In der Suchtprävention hingegen kommen verschiedene Strategien zum Einsatz, um das Verhalten von Menschen zu ändern. Das Konzept der Motivierenden Kurzintervention (MOVE) wird dabei als besonders erfolgreich angesehen. Es basiert auf den Grundlagen der Motivierenden Gesprächsführung nach Miller & Rollnick (2009), sowie auf dem Transtheoretischen Modell der Verhaltensänderung nach Prochaska, DiClemente und Velicer (vgl. Marzinzik & Fiedler, 2005). Die theoretische Grundlage für MOVE beruht auf der Annahme, dass die Veränderung eines Konsumverhaltens ein Prozess ist, der verschiedene Stadien durchläuft (siehe hierzu auch ginko – Landeskoordinierungsstelle Suchtvorbeugung NRW, 2008).
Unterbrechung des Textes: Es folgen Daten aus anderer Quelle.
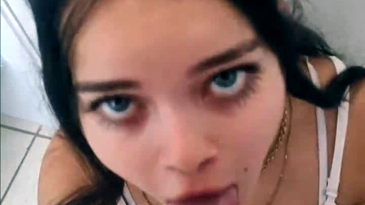 Watch this cute babe lick balls roughly on a big cock! 😏
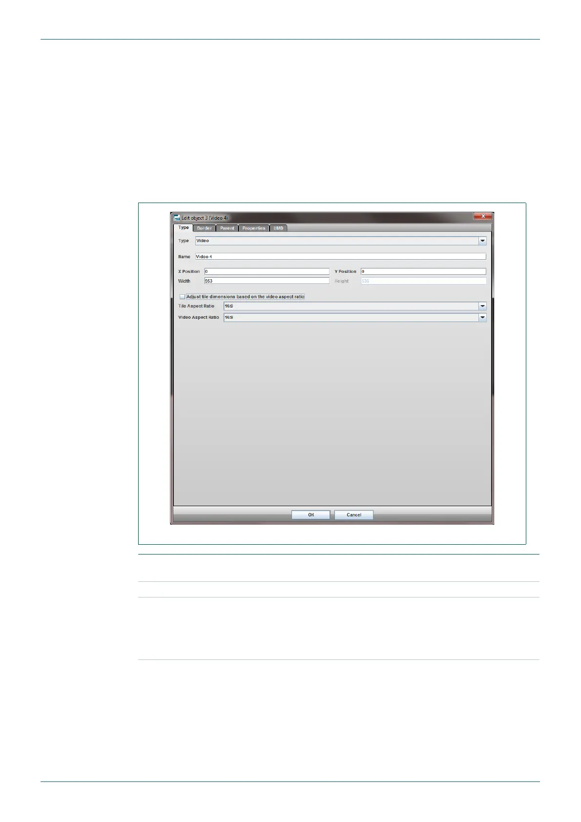The Edit Object menu comprises 4 tabs: Type, Border, Parent, Properties and UMD. Some

Der Bedarf einer Ergänzung und/oder Anpassung der Dopingpräventionsmaßnahmen auf nationaler Ebene, resultiert aus einer Reihe von Studien und Beiträgen, zum Beispiel ‘zur Häufigkeit des Dopings im deutschen Spitzensport’ (Pitsch, Maats & Emrich, 2009, S. 15-19; Dannemann, Meutgens & Singler, 2011, S. 272f.).
Die Notwendigkeit ergänzende Maßnahmen im Bereich der Dopingprävention zu erarbeiten und anzubieten resultiert u.a. aus der Studie des Heidelberger Zentrums. Das Heidelberger Zentrum für Dopingprävention hat anlässlich des Auftrages des Rheinland-pfälzischen Ministeriums des Innern und für Sport, den Stand der Dopingprävention eruiert. Die Einstellungen und Wahrnehmungen der Landesfachverbands-Funktionäre zum Thema Doping und Dopingprävention wurden von Dezember 2008 bis September 2009 mittels Fragebögen und Interviews ebenfalls untersucht (Singler, 2009a; Singler, 2009b; siehe hierzu auch Singler, 2011).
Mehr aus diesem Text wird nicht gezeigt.